- _GIVEN DATA_:

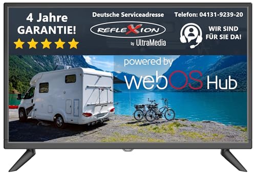 REFLEXION LED24IBT Smart LED Fernseher60 cm / 24 Zoll, Wohnmobil/Camping/Caravan TV, Full HD, Triple Tuner, DVB-T2HD, DVB-S2, DVB-C, Bluetooth, WLAN, LG webOSHub, Schwarz
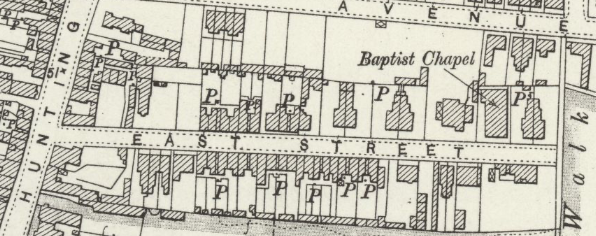 East Street, St Neots - OS 1901East Street was the location of the murder of Annie Holmes in 1898.
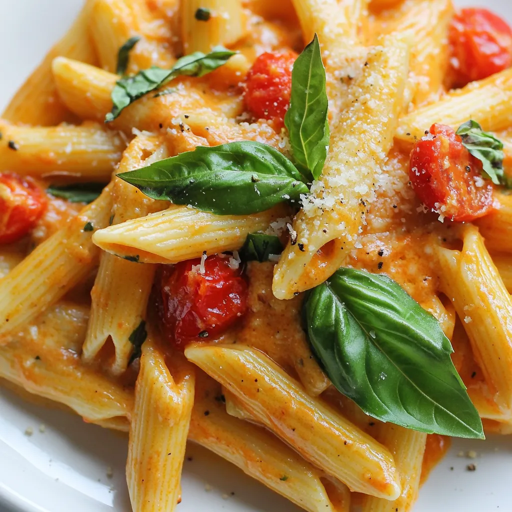 A delicious vegan pasta dish with a creamy tomato sauce, perfect for a comforting meal.
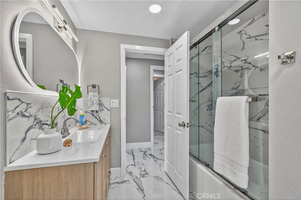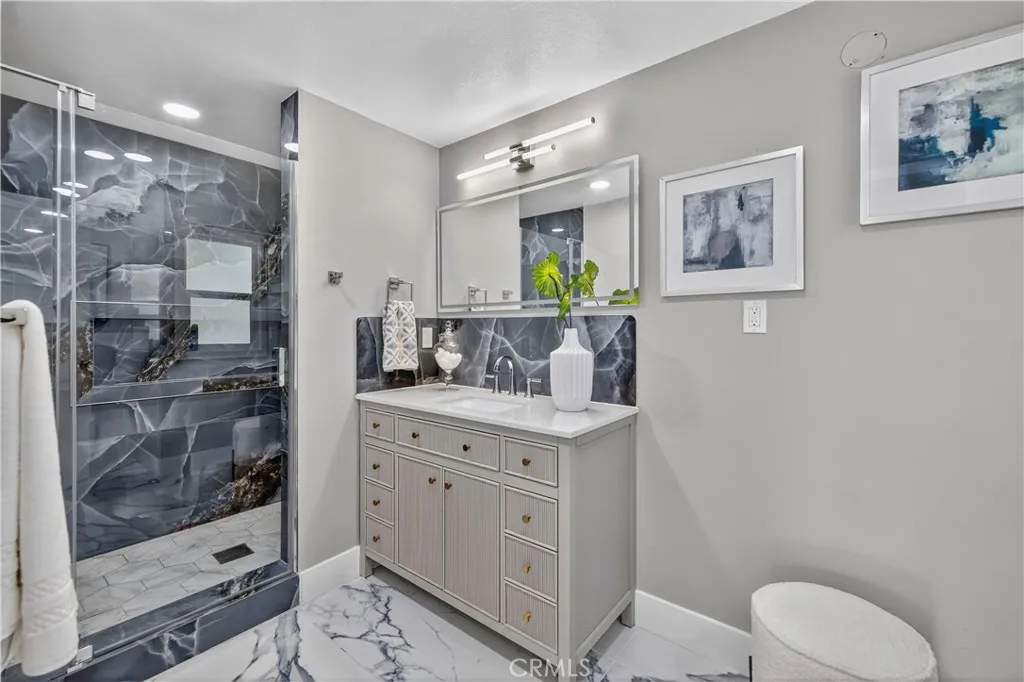 The backyard has been transformed into a true retreat, featuring a newly resurfaced pool with pebble finish, brand-new pool equipment and heater, a cozy fire pit, sitting area, and a new covered patio—all surrounded by impeccably landscaped grounds. The fourth bathroom lies between the house and garage for your backyard pool guests.

- _GOAL OF THE EXERCISE_: Where the line containing "A delicious vegan" appears above, start there and set down each line exactly through the last line of the data; leave out every picture.

- _RESULT BELOW_:
 A delicious vegan pasta dish with a creamy tomato sauce, perfect for a comforting meal.
 The backyard has been transformed into a true retreat, featuring a newly resurfaced pool with pebble finish, brand-new pool equipment and heater, a cozy fire pit, sitting area, and a new covered patio—all surrounded by impeccably landscaped grounds. The fourth bathroom lies between the house and garage for your backyard pool guests.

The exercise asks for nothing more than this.